Литмир - Электронная Библиотека

На кого он похож, этот Хел? На бесов или чертей? Способен ли лгать?

— Я видел старое потрёпанное покрывало, — пояснил демонёнок, не пуская, впрочем, Борна в свои мысли, что уже было удивительным. — Оно даже не решилось напасть на меня. Но для людей такая встреча могла быть смертельной.

— Ты думаешь, моя дочь — человек? — Борн нахмурился ещё грознее. Словно тучи сгустились перед его лицом.

— Я не знаю, — быстро ответил Хел. Он не то, чтобы испугался, скорее, не желал вступать на зыбкую почву споров. — У неё душа демона, но телом она чувствует боль, я видел.

Борн неохотно кивнул. Приласкал взглядом книжные полки.

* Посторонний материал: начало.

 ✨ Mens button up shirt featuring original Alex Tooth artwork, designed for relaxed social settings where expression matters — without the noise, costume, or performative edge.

С одной стороны Хел выполнил всё, что ему приказали, с другой оставался всё тем же хорьком в мешке — пока не сунешь руку — и не узнаешь, насколько больно кусается.

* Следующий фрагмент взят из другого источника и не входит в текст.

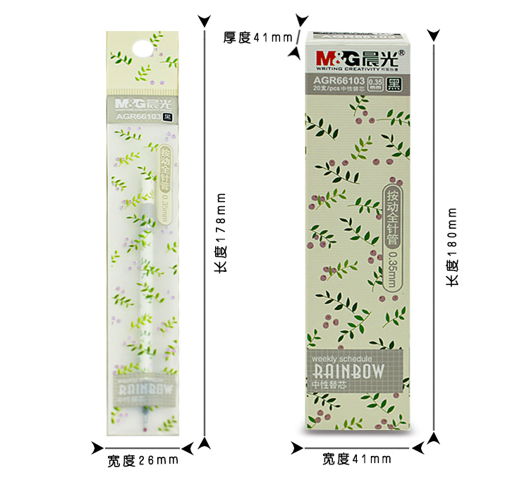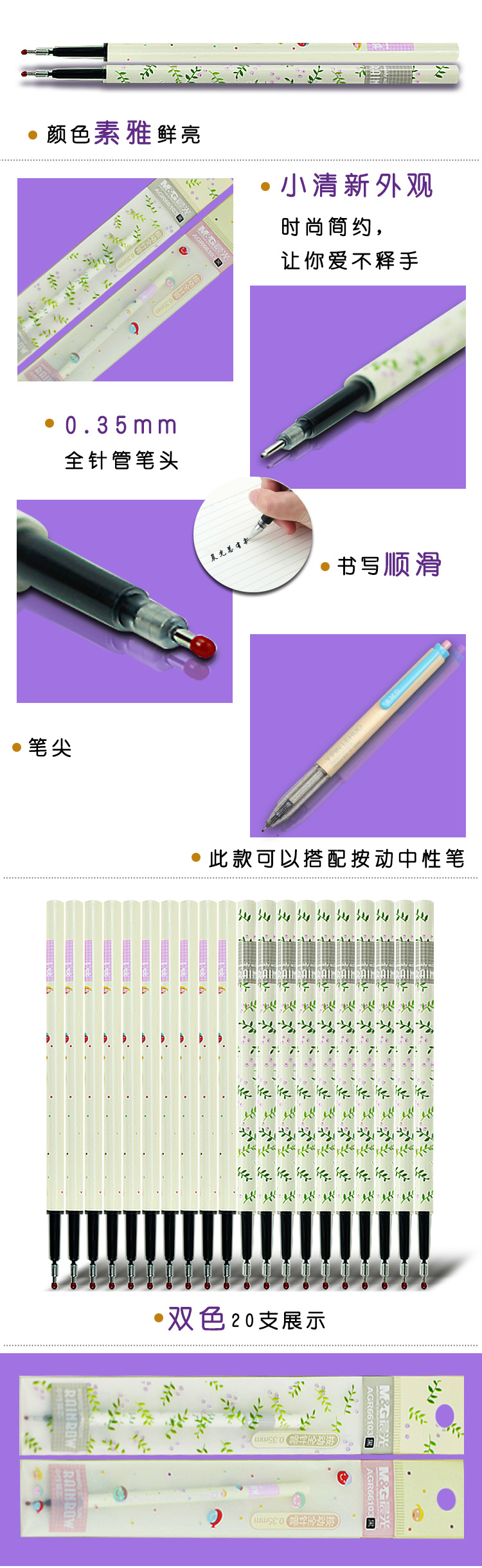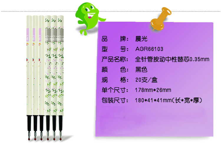 • 商品名稱:晨光(M&G)0.35mm黑色按動(dòng)全針管中性筆簽字筆水筆替芯筆芯 20支/盒AGR66103
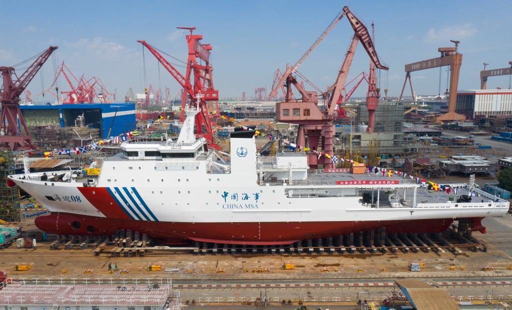 7月8日拍摄的“海巡08”轮(无人机照片)。当日,我国具备深远海测量能力的专业海道测量船“海巡08”轮在中国船舶集团有限益达娱乐下水。新华社记者 丁汀 摄

Была глубокая ночь, и дворец правителя спал, только стражники перекликались под окнами.

Хела они, разумеется, не заметили. Толстые каменные стены парень прошёл, словно холодный клинок, что не растопит и масло. Борн не ощутил в нём жара, идущего от демонов после перемещения через изомирье.

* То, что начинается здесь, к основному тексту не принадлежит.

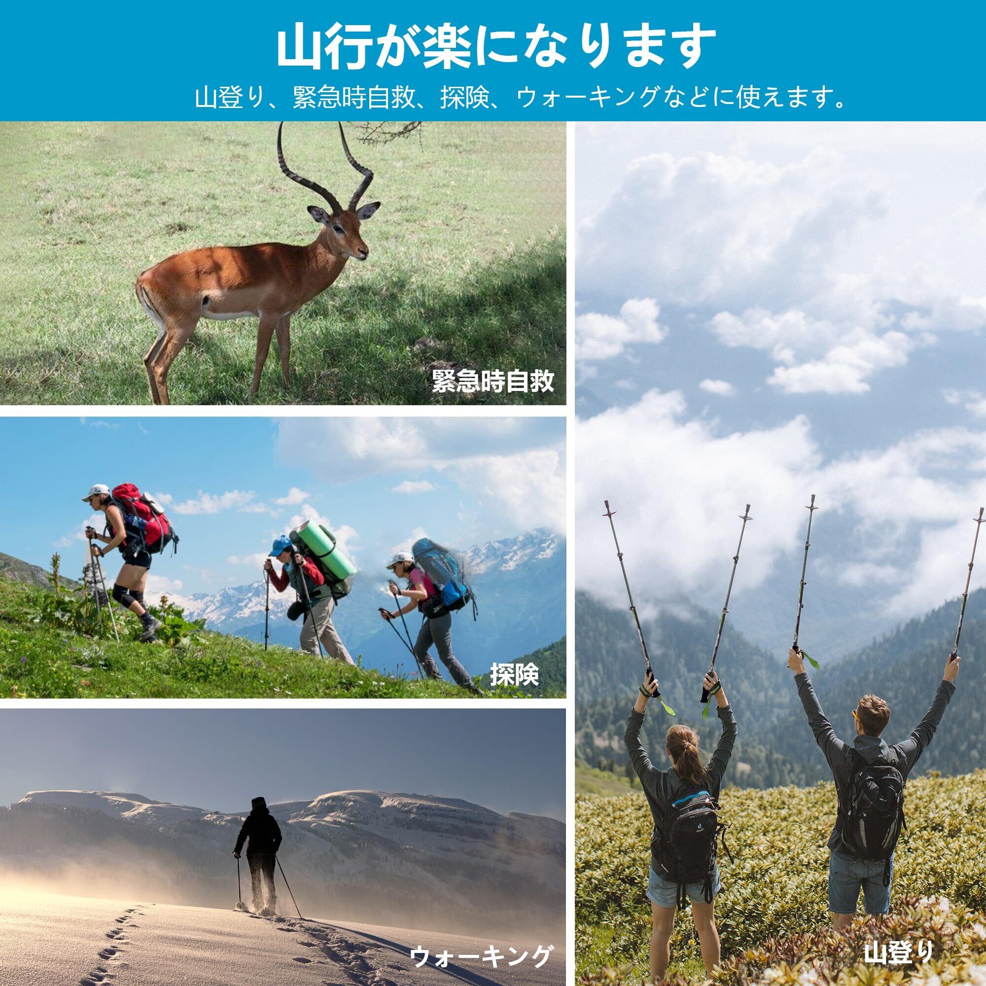 ?【快適な握り心地】登山ポールのハンドルはEVA素材で、手に優しくフィットし、滑りにくいためしっかりと握ることができます。 身体と手に伝わる推進力をダイレクトに感じることができ、力を無駄にすることなく前進できます。 大人から子供まで、厚手の手袋をしていても手にしっかりとフィットします。また、ハンドルを歩行方向に対して前傾させた形状にデザインすることで、ポールの前方への推進力が増し、歩幅が広がります。注意:右手用と左手用は共通で使用できるため、角度を調整して適切なストラップ位置に変更できます。
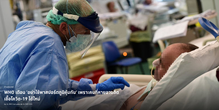 องค์การอนามัยโลกเตือนรัฐบาลทั่วโลกว่า ไม่ควรใช้ ‘พาสปอร์ตภูมิคุ้มกัน’ เพราะขณะนี้ยังไม่มีหลักฐานว่าผู้ที่หายจากโควิด-19 จะมีภูมิคุ้มกันไม่ให้ติดเชื้อซ้ำอีกรอบ
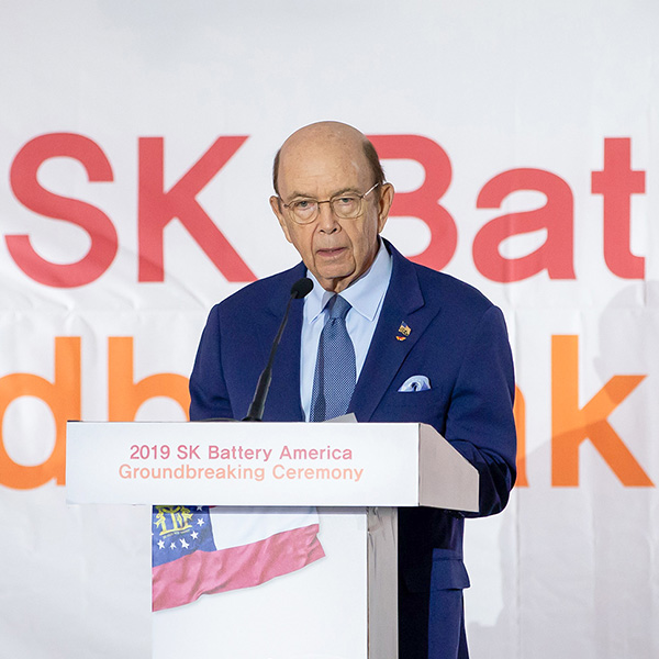 “SK이노베이션의 투자는 미국의 전기자동차 경쟁력을 높일 것” [美 전기차 배터리 공장 기공식] 윌버 로스 (Wilbur Ross) 미국 상무부 장관
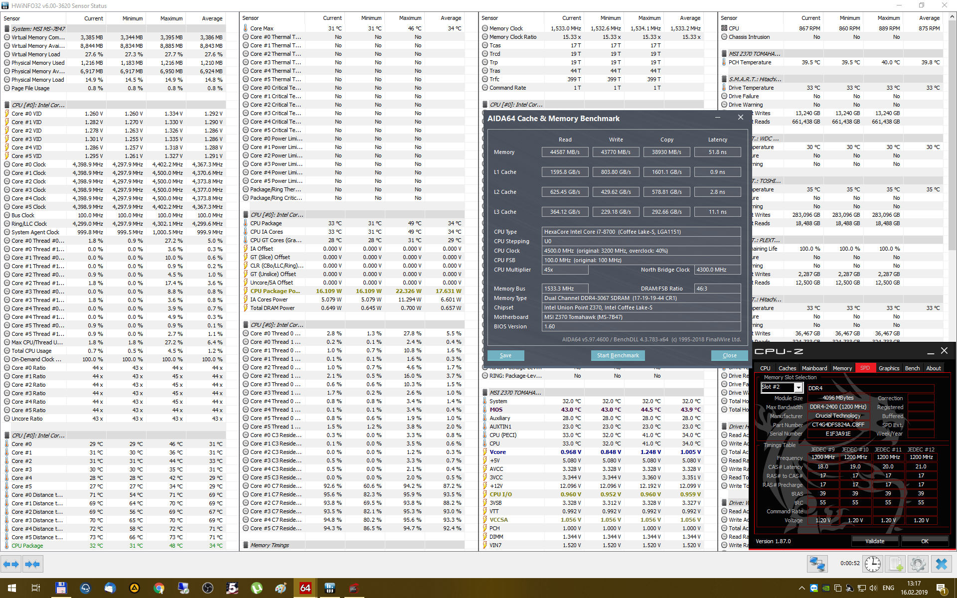 Оперативная память F4-3200C14D-16GTZR. Напряжение: DRAM 1.40v, SA 1.115v, IO 1.1v Разгонал до 3600 15-15-15-30 CR2. Стресс тесты вроде все проходит без ошибок. 4000 вроде память брала, но никак не мог подобрать таймингов, тоже самое с 3800. Думаю если бы процессор был 8700к, то было бы легче гнать до 4000. Смысла мне кажется дальше гнать нет, так как разница будет небольшая да и то в синтетике. Компьютер используется для игр. #77
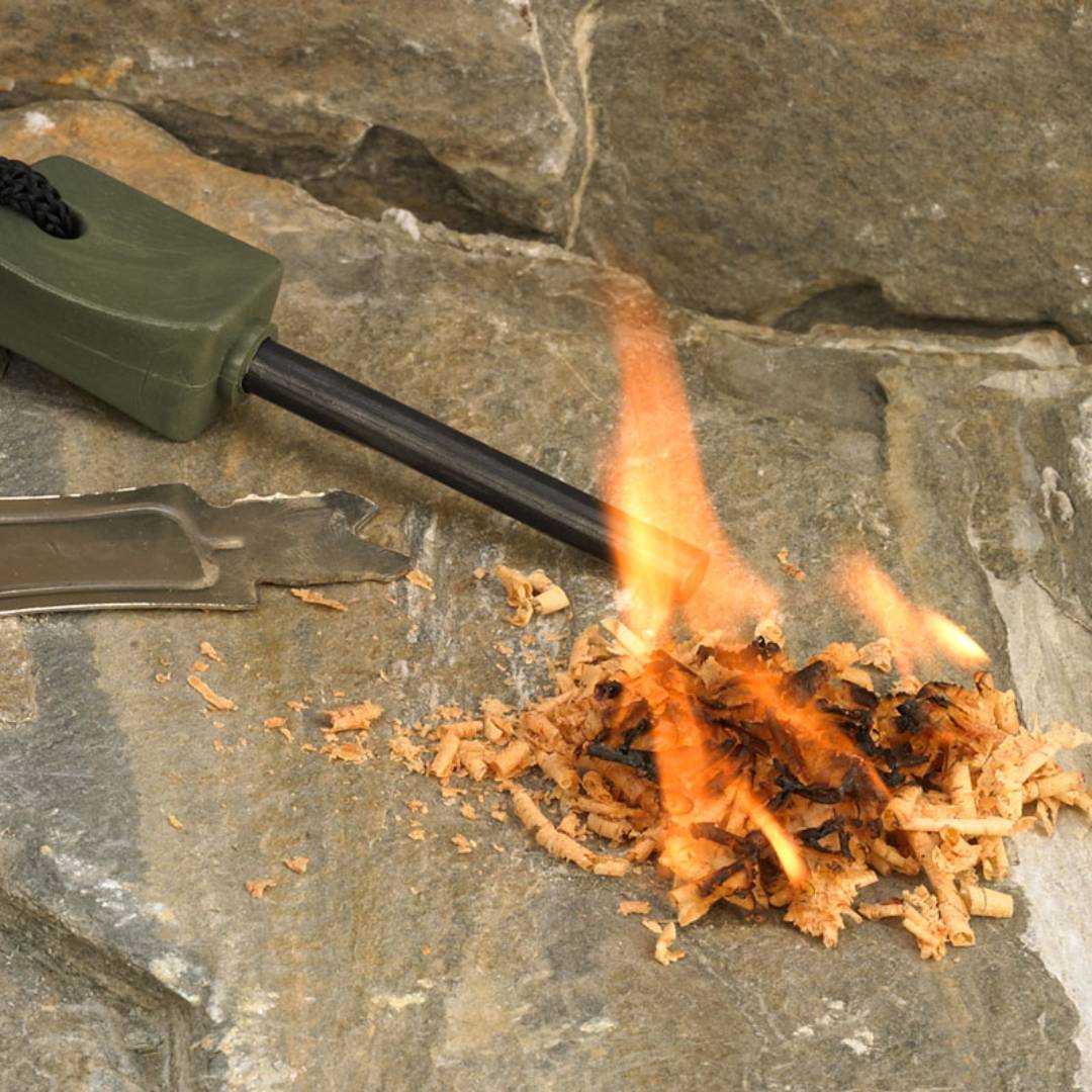 NDūR® Fire Steel & Striker is easy and safe to use . Used by avid outdoorsman, survivalists and military members all over the world. Will light a fire or ignite the fuel in a camping stove in rain or snow Generates a 5400°F (3000°C) spark. Approved, preferred and recommended by survival experts worldwide.

— Сколько тебе лет? — спросил он.

Парень удивлённо вскинул голову, не понимая, к чему вдруг такой вопрос.

— Почти двадцать два, мне кажется, — сказал он, хлопая ресницами и размышляя, в чём тут подвох.

На миг его чувства и мысли стали прозрачны, но кроме удивления в них ничего не было.

— Кажется? — переспросил Борн.

— Я не помню сам момент моего рождения в аду, — пожал плечами Хел. — Возможно, что я родился на пару-тройку лет раньше, но не осознавал себя, плавая в лаве.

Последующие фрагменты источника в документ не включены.